The new feature tracks AI usage across all departments in a company and shows spend, leverage gained, and efficiency scores by department and workflow.
Lanai, an enterprise AI accountability company, today announced Token Tuner, a new feature that helps enterprises understand where their AI spending is occurring, which workflows are driving results, and where low-cost models can reduce unnecessary token costs.
Tokenmaxxing is becoming an emerging problem in enterprise AI, with teams writing more tokens, using more models, and generating more AI activity. CFOs may receive an AI bill that is 30% higher than the previous month, but they still lack visibility into what caused that increase and what results were achieved. Token Tuner fills in the missing context for enterprises by mapping token spend to workflow, model selection, efficiency, and value created. This new feature connects each AI interaction to a measurable outcome and generates a productivity score based on how well each user adapts their token usage and model selection to the task. For example, an employee who uses Opus 4.7 to reply to emails may have a lower efficiency score than if they used a smaller model for that task.

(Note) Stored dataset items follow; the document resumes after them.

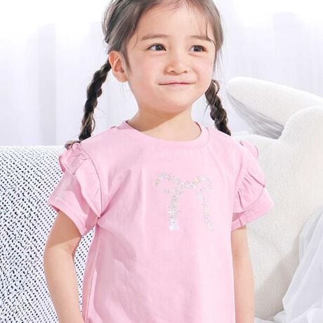 汚れが落ちやすく、のびのび遊べる素材で仕上げたスララクシリーズ!毎日が嬉しくなる女の子用半袖Tシャツ。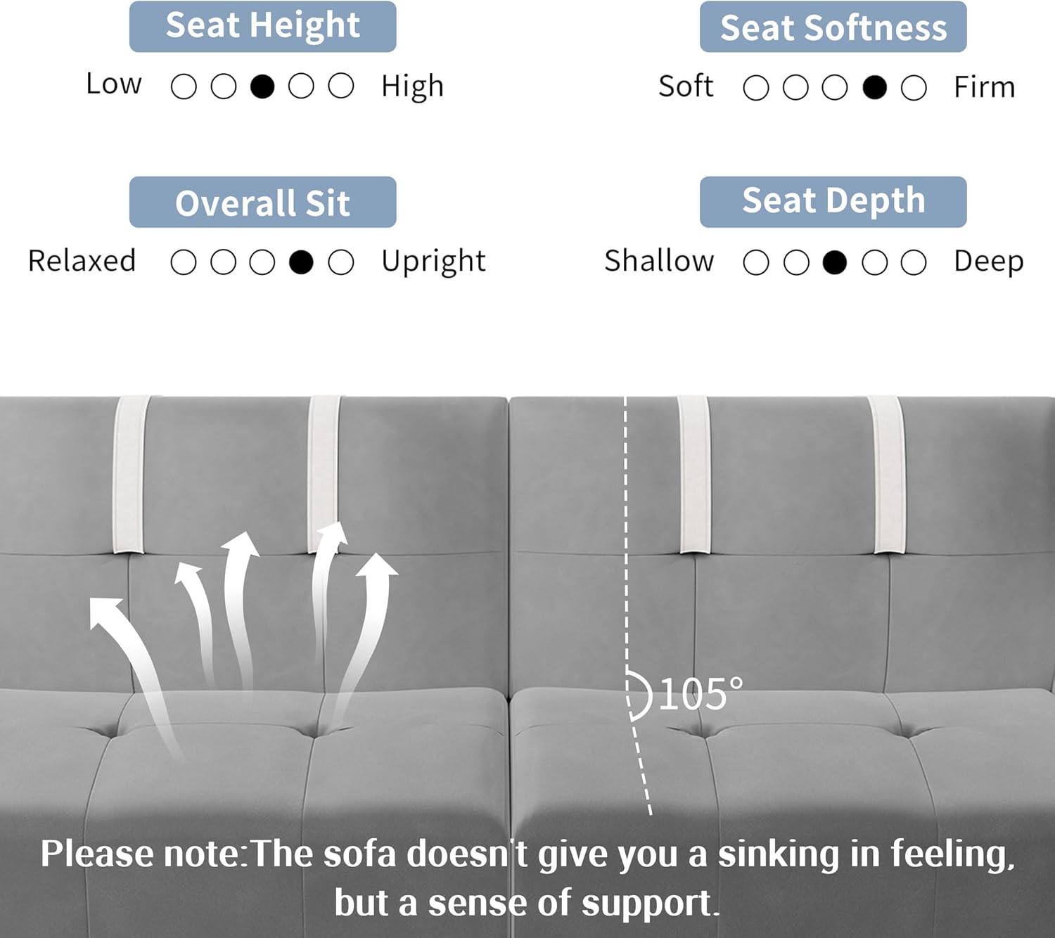 - Comfortable Loveseat Sofa: The sofa is made of modern Velvet fabric with a hardwood frame as the basic structure. The Velvet fabric is comfortable and not easy to pilling, fading. Soft cushions and a reinforced back, eases the rebound, providing strong comfort.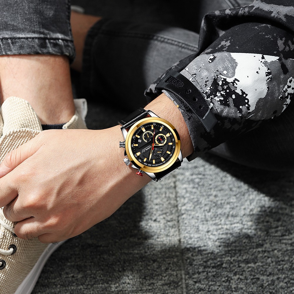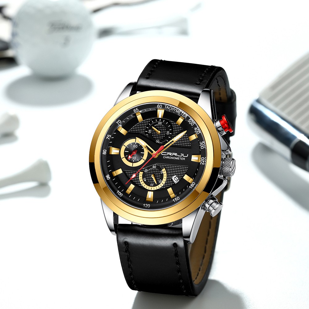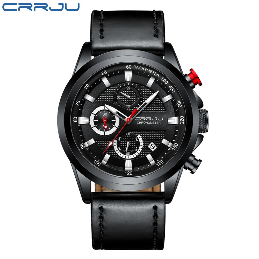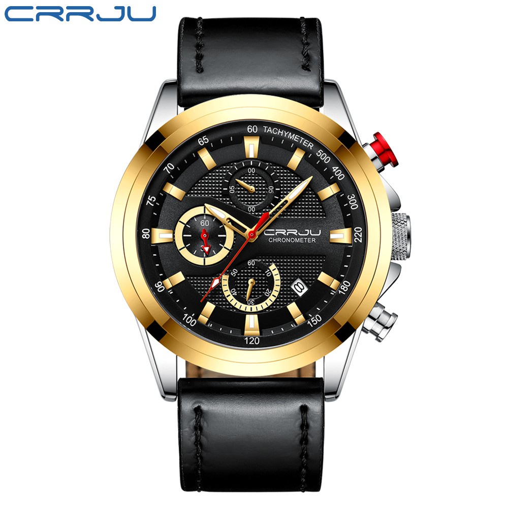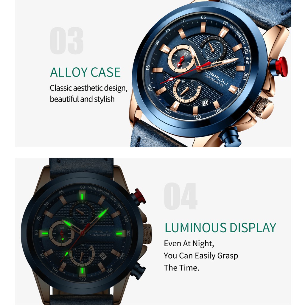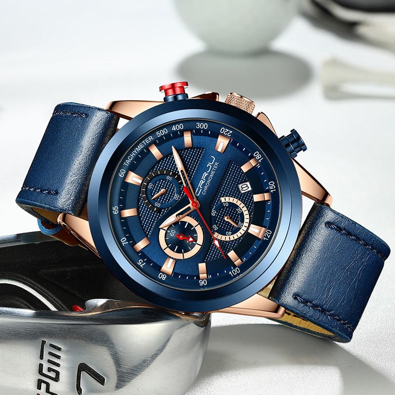 CRRJU Homens Couro Relógios Cronógrafo Calendário Azul Clássico Moda Casual Negócios Esportes Quartzo A Prova D'agua 2282 XL Sem Caixa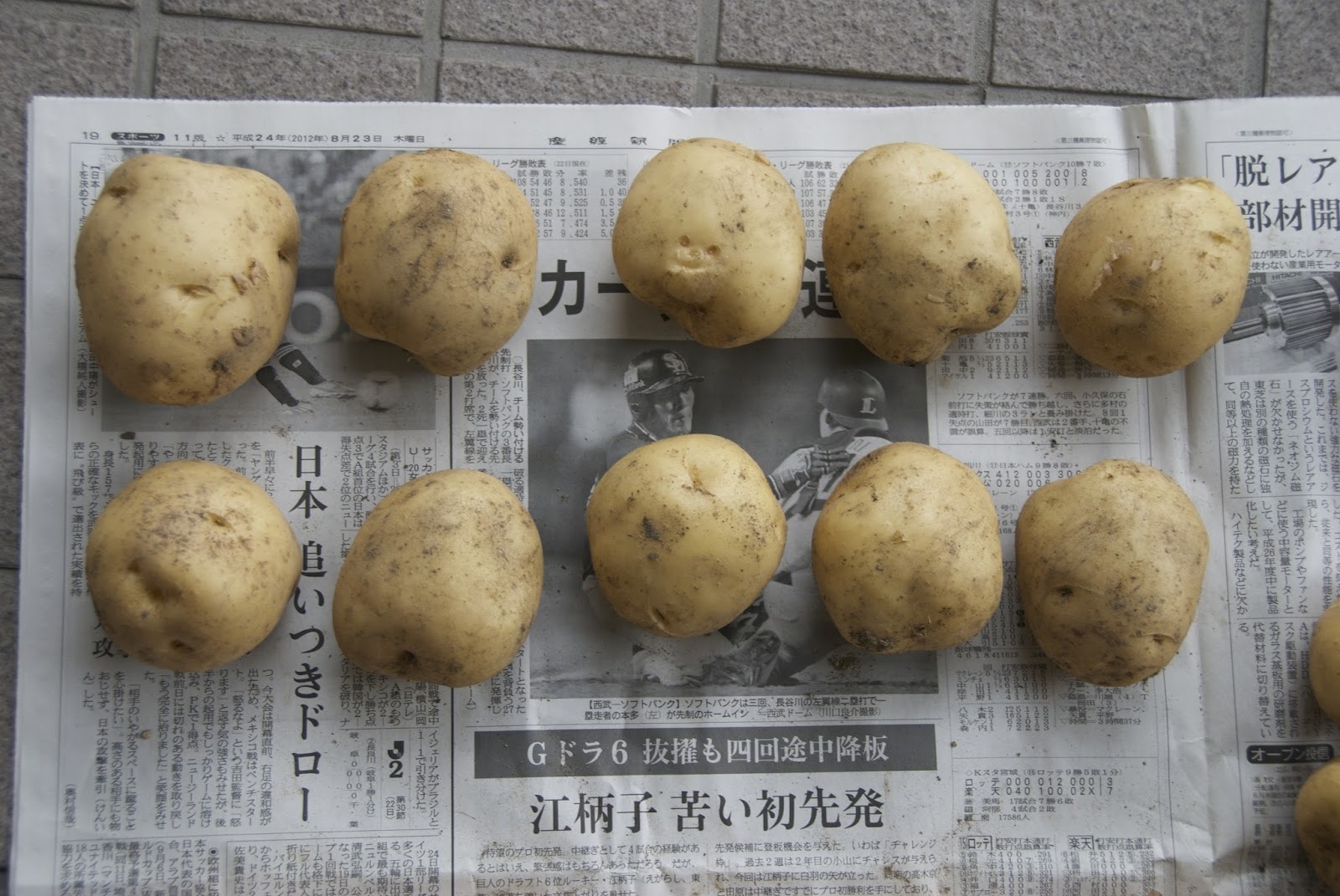 その収穫した男爵芋、今日やっと家に持ち帰ったので、新聞紙の上に並べてみた。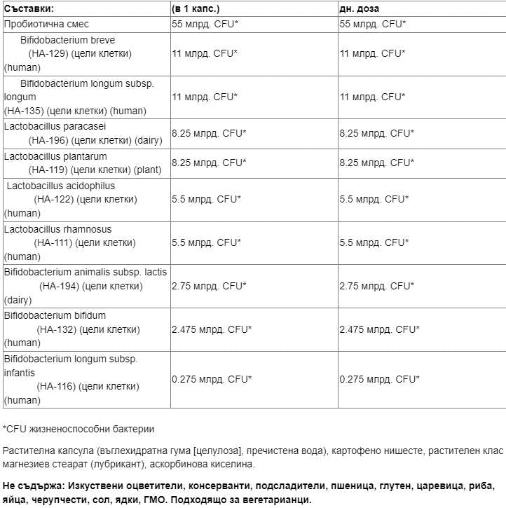 Critical Care Probiotic je patentovaná směs 9 kmenů stabilních v žaludku se silnou koncentrací 55 miliard aktivních buněk, které pracují v synergii pro maximální aktivitu a účinnost. Kmeny jsou bifidobakterie a laktobacily pro cílenou podporu tenkého i tlustého střeva. Komplex obnovuje prospěšné bakterie ztracené užíváním antibiotik, stresem, dietou, cestováním a gastrointestinálními poruchami. Toto složení nabízí významnou ochranu před bakteriální infekcí, přemnožením kvasinek a zažívacími potížemi. Patentovaná synergická směs obsahuje: Bifidobacterium breve, Bifidobacterium longum, Lactobacillus paracasei, Lactobacillus plantarum, Lactobacillus acidophilus, Lactobacillus rhamnosus, Bifidobacterium lactis, Bifidobacterium bifidum, Bifidobacterium infantis.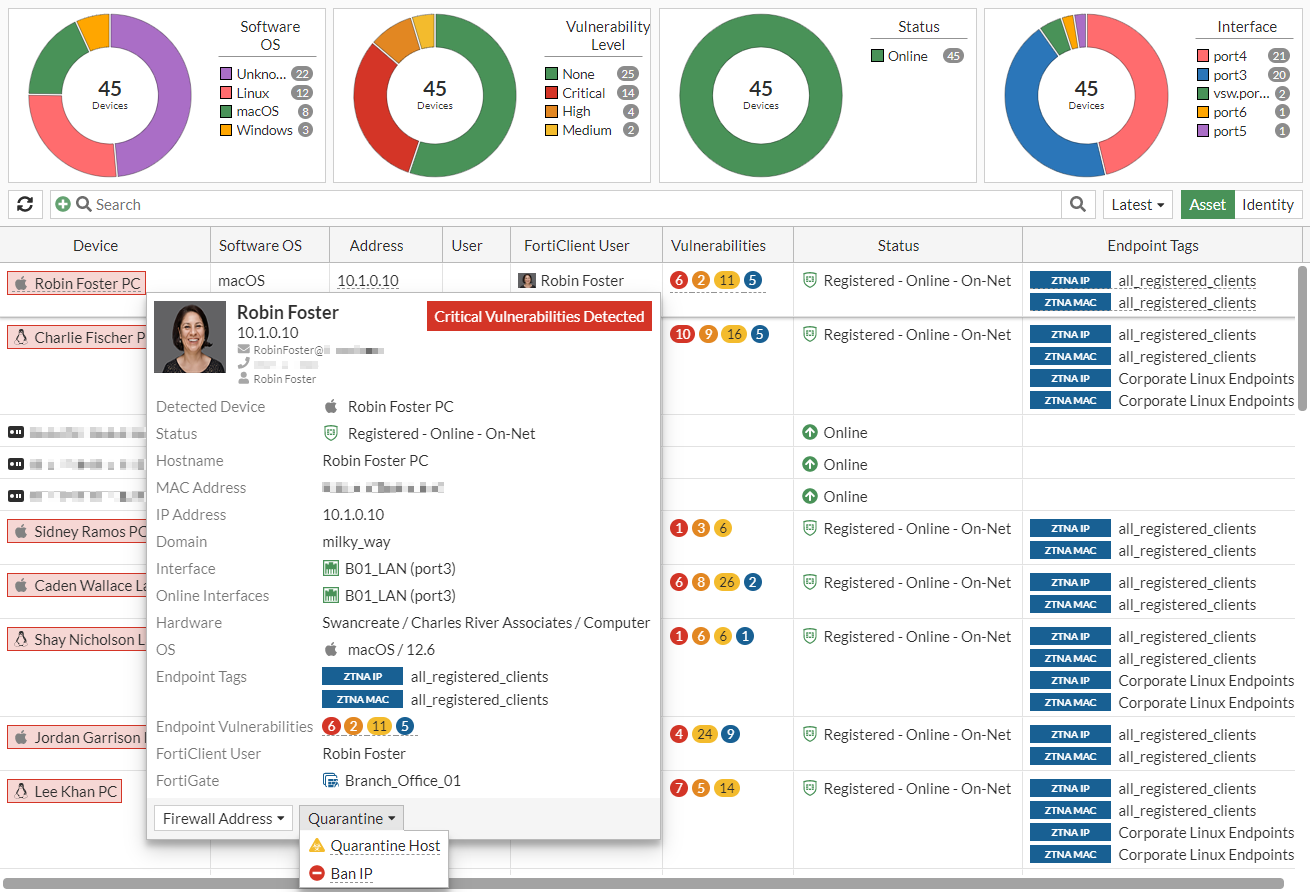 Go to Security Fabric > Asset Identity Center.

“Tokenmaxxing is real, it’s expensive, and it’s expanding beyond just a few engineers and companies,” said Lexi Reese, co-founder and CEO of Lanai. “It’s a vanity metric that looks like a measure of efficiency or progress, but says nothing about net value. ‘Maximize Outcomes’ is the solution businesses need right now to see which workflows are actually increasing productivity, accelerating decision-making, and delivering measurable results. That’s exactly what Token Tuner does for businesses using AI at scale.”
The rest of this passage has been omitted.